>>
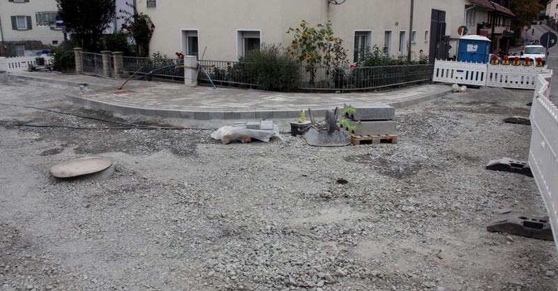Es wird weiterhin das erwartete Standardprogramm abgespult: Hausanschlüsse verlegen, Randsteine setzen, Baumquartiere verbauen, Gehwege bauen. So gibt es heute auch nicht
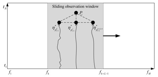 In this section, a sliding window line spectrum extraction algorithm based on multi-step decision is used to search for the optimal path. As shown in Figure 5, in this algorithm, a window which can slide along the frequency axis and cover the whole time axis is set in the LOFAR spectrum. We search the optimal path in this window. The reason for setting the window is that there may be multiple line spectrum co-existing in the LOFAR spectrum. By properly setting the size of the window, the search range of the path can be limited to a certain region of the LOFAR spectrum. Then the line spectrum in each window can be extracted, which can avoid that only the strongest spectral line is extracted in the whole LOFAR spectrum.
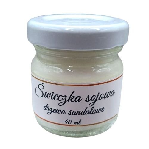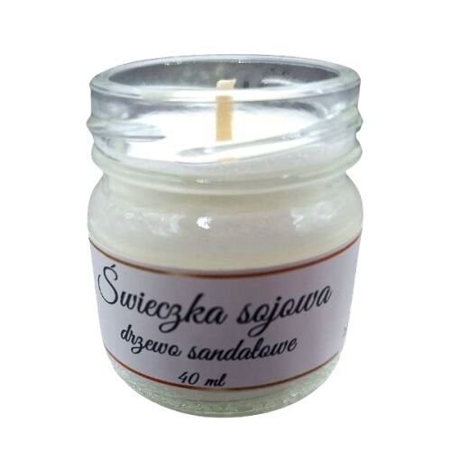Świeczka Sojowa Ręcznie Robiona Drzewo Sandałowe 40 ml. Biały Słoiczek
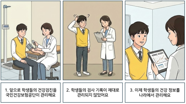 1. 앞으로 학생들의 건강검진을 국민건강보험공단이 관리해요. 2 학생들의 검사 기록이 제대로 관리되지 않았어요. 3 이제 학생들의 건강 정보를 나라에서 관리해요. ©AI 편집실
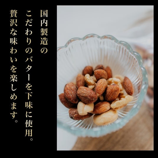 【原材料名】アーモンド(アメリカ産)、カシューナッツ(インド産)、クルミ(アメリカ産)、マカダミアナッツ(オーストラリア産)、食塩、植物油脂、バター(一部に乳成分を含む)
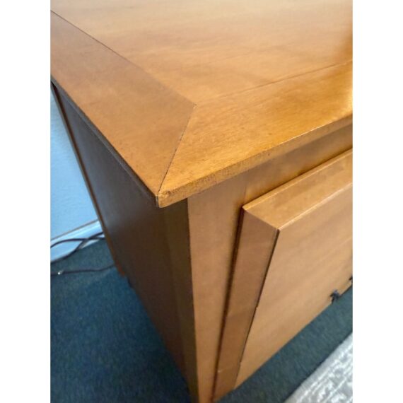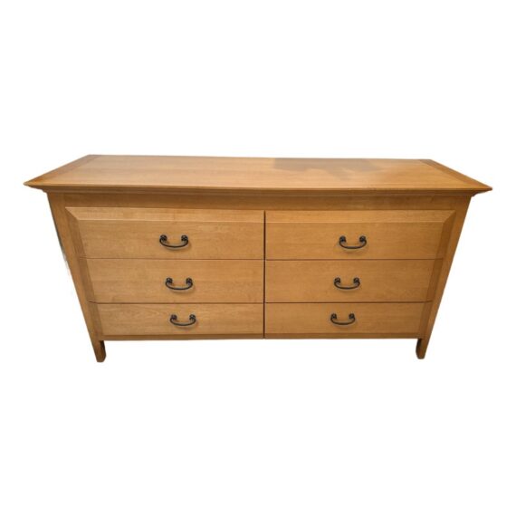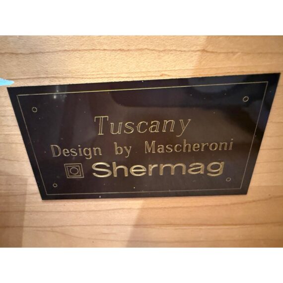 Design Plus Gallery presents the Tuscany Dresser by Mascheroni Sherman. Nothing like a quality piece of solid maple wood that was made efficiently and affordably. The dresser is made up of six equal sized drawers with pewter finished hardware drawer pulls and rests of slightly tapered legs. It has the brand plate on the inside of the drawer along with stamps on its backside for authenticity. It shows minimal signs of wear for its usage and is in good condition. Made in Canada.
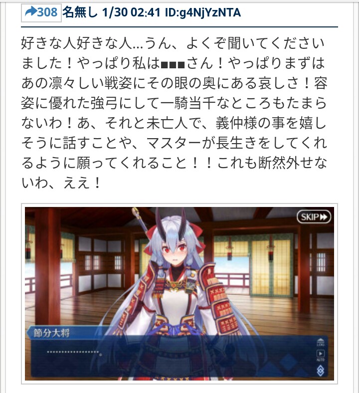 (これで逆に頼光さんでもどちらにせよ金時やマスターや鬼連中の逃げ場が無いなぁ…)>>944
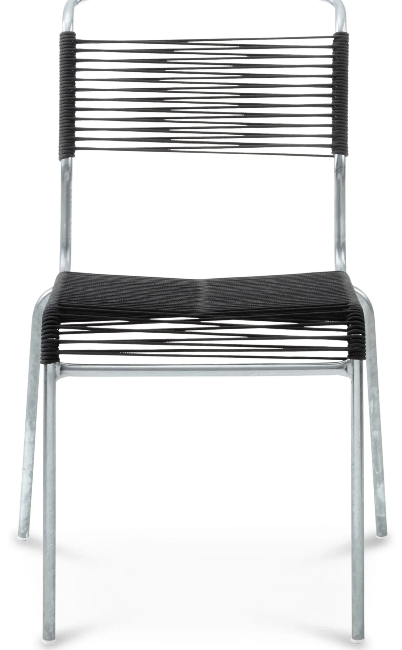 Robuster, feingliedriger, stapelbarer Stuhl – in dieser Version mit einer aus OceanYarn® produzierten Seilbespannung. Diese ist elastisch, was für besonderen Sitzkomfort sorgt, da sie sich der individuellen Belastung durch Körpergewicht (max. Belastungsgewicht 120 kg) und Sitzhaltung anpasst. Das hochwertige Seilmaterial besitzt eine textile Struktur. Das feuerverzinkte Stahlrohrgestell ist sehr robust und gegen alle Witterungsbedingungen gefeit.
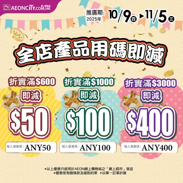 https://bit.ly/4ogdRRU「AEON 38周年呈獻:網上限定優惠碼」推廣期: 即日至2025年11月5日
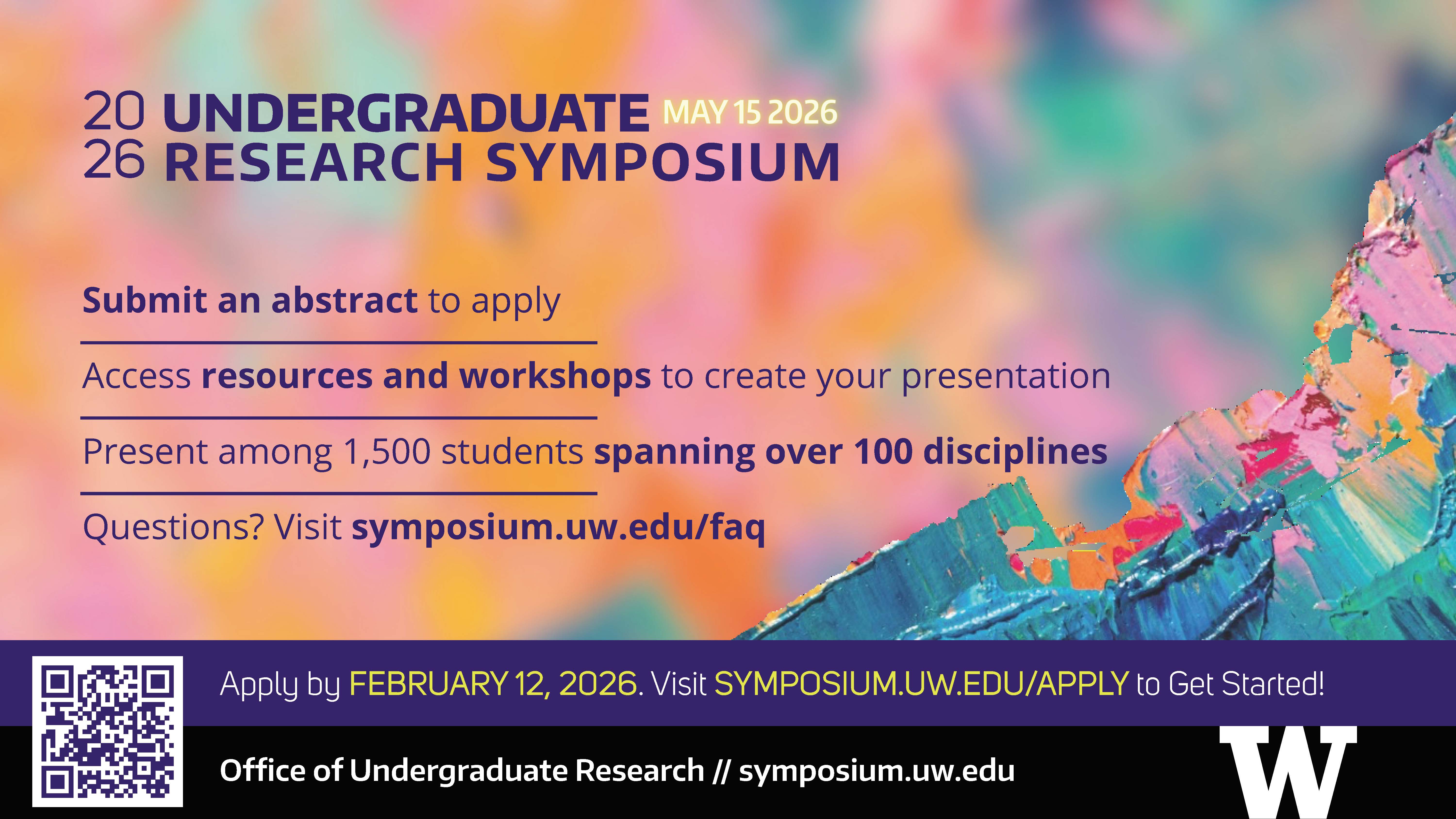 We are excited to share that the application for this year’s UW Undergraduate Research Symposium is open! The Symposium provides undergraduate students from all disciplines with a unique opportunity to present their research, scholarship, and creative work to a larger audience. Save the date for Friday, May 15, 2026, for the 29th Annual UW Undergraduate Research Symposium.
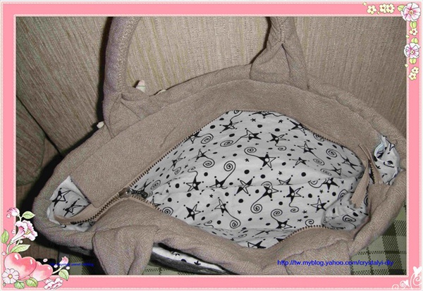 這是袋口,因為怕進度跟不上所以就先行把他縫上去啦,結果沒想到上課時老師居然說下次才要發新的材料包,這下可好,包包已經完成所以這天就這樣四處晃晃,輕鬆愉快得過了一天啦.
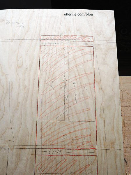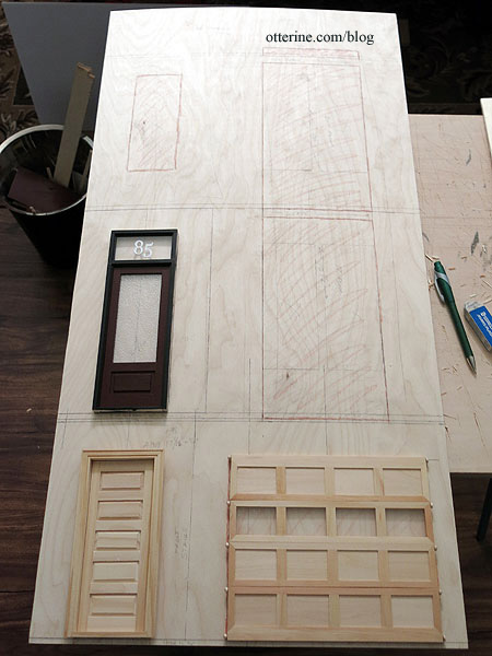 By far, the front board was the most complicated. I mapped out where the inner floors would hit as well as the openings for the bay windows, upper window, front door, lower level door and garage door. I still have to work on the front door recess before I can mark that final opening.
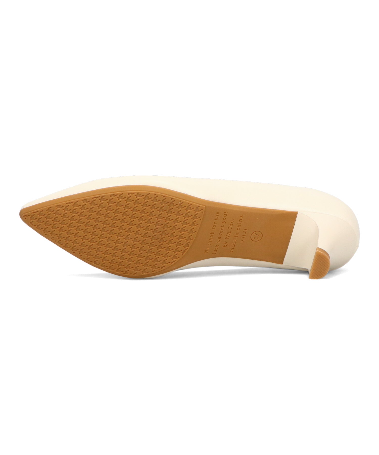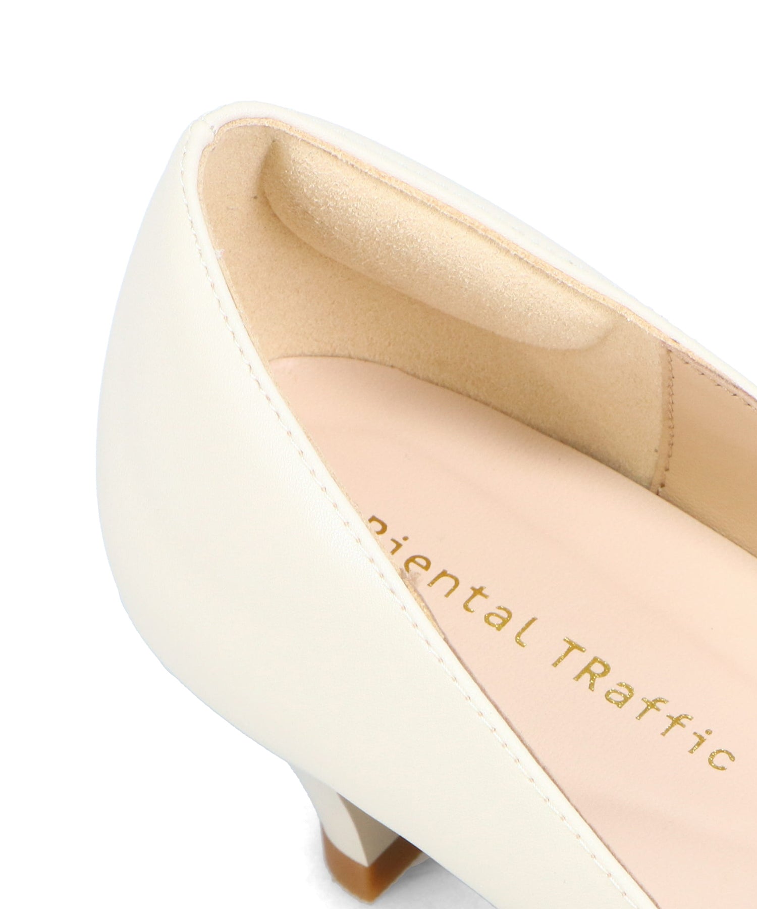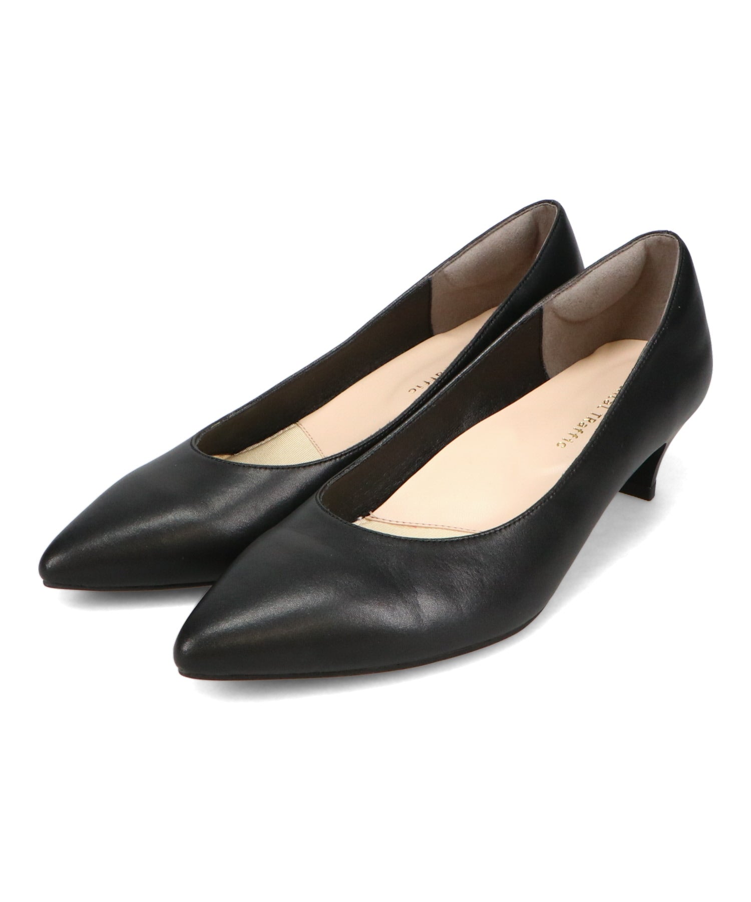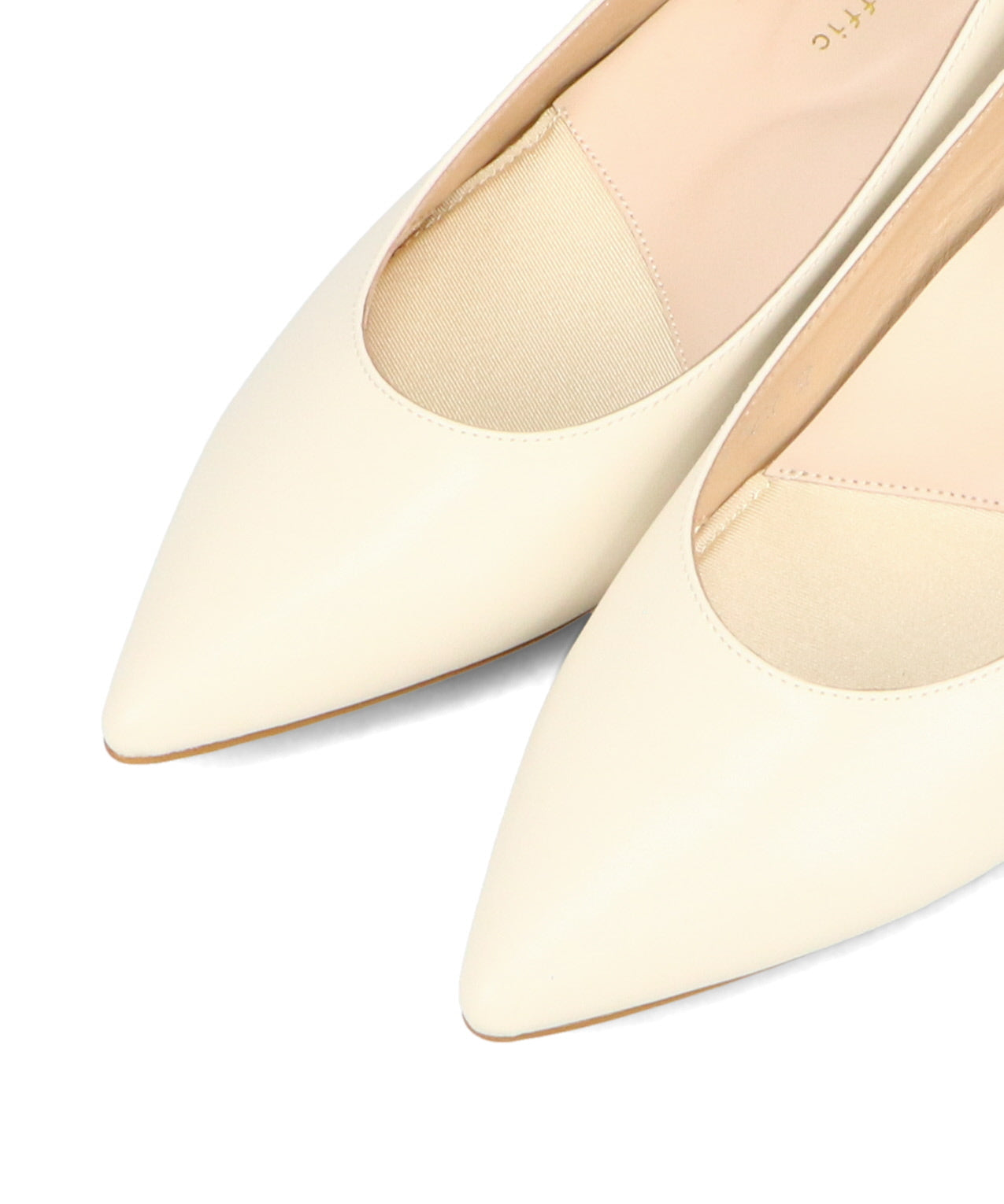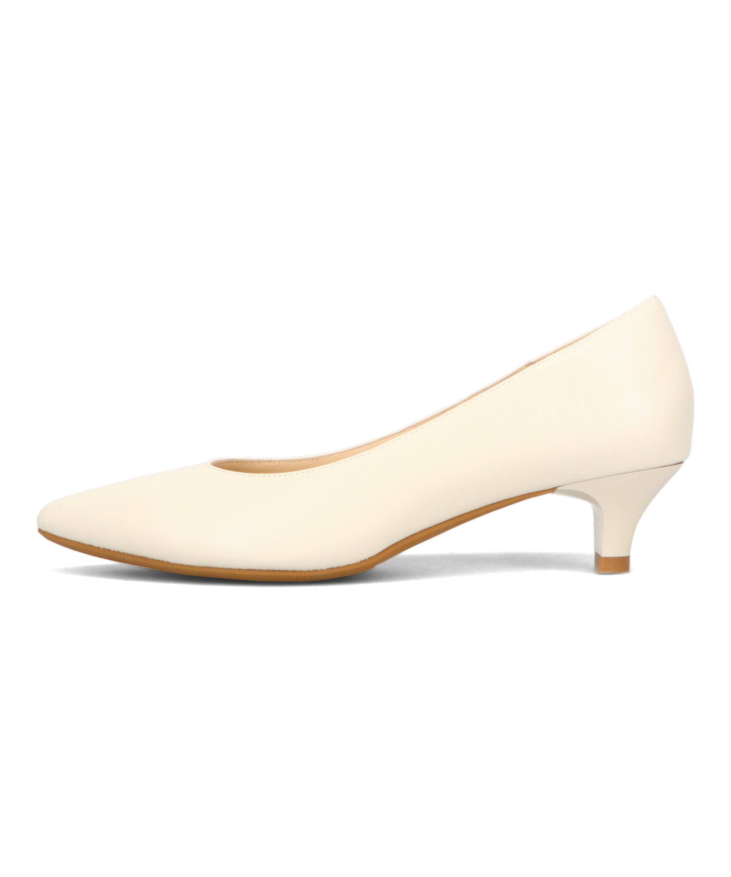 ベーシックデザインのパンプスは上品な艶感のあるスムース合皮でデイリーから通勤用まで幅広く活躍してくれるアイテム。スッキリとしたポインテッドトゥが女性らしく、くびれのあるヒールで華奢な印象にしつつも低めの4cmの高さで歩きやすい。つま先部分とインソールにクッションを入れ、踵のクッションでホールド感が高いのもポイント。
<<
> ASSIGNMENT
From the line holding "(これで逆に頼光さんでもどち" through the last line of the material above, each line should be written out exactly, both included; omit the pictures.

> RESULT
 (これで逆に頼光さんでもどちらにせよ金時やマスターや鬼連中の逃げ場が無いなぁ…)>>944
 Robuster, feingliedriger, stapelbarer Stuhl – in dieser Version mit einer aus OceanYarn® produzierten Seilbespannung. Diese ist elastisch, was für besonderen Sitzkomfort sorgt, da sie sich der individuellen Belastung durch Körpergewicht (max. Belastungsgewicht 120 kg) und Sitzhaltung anpasst. Das hochwertige Seilmaterial besitzt eine textile Struktur. Das feuerverzinkte Stahlrohrgestell ist sehr robust und gegen alle Witterungsbedingungen gefeit.
 https://bit.ly/4ogdRRU「AEON 38周年呈獻:網上限定優惠碼」推廣期: 即日至2025年11月5日
 We are excited to share that the application for this year’s UW Undergraduate Research Symposium is open! The Symposium provides undergraduate students from all disciplines with a unique opportunity to present their research, scholarship, and creative work to a larger audience. Save the date for Friday, May 15, 2026, for the 29th Annual UW Undergraduate Research Symposium.
 這是袋口,因為怕進度跟不上所以就先行把他縫上去啦,結果沒想到上課時老師居然說下次才要發新的材料包,這下可好,包包已經完成所以這天就這樣四處晃晃,輕鬆愉快得過了一天啦.
 By far, the front board was the most complicated. I mapped out where the inner floors would hit as well as the openings for the bay windows, upper window, front door, lower level door and garage door. I still have to work on the front door recess before I can mark that final opening.
 ベーシックデザインのパンプスは上品な艶感のあるスムース合皮でデイリーから通勤用まで幅広く活躍してくれるアイテム。スッキリとしたポインテッドトゥが女性らしく、くびれのあるヒールで華奢な印象にしつつも低めの4cmの高さで歩きやすい。つま先部分とインソールにクッションを入れ、踵のクッションでホールド感が高いのもポイント。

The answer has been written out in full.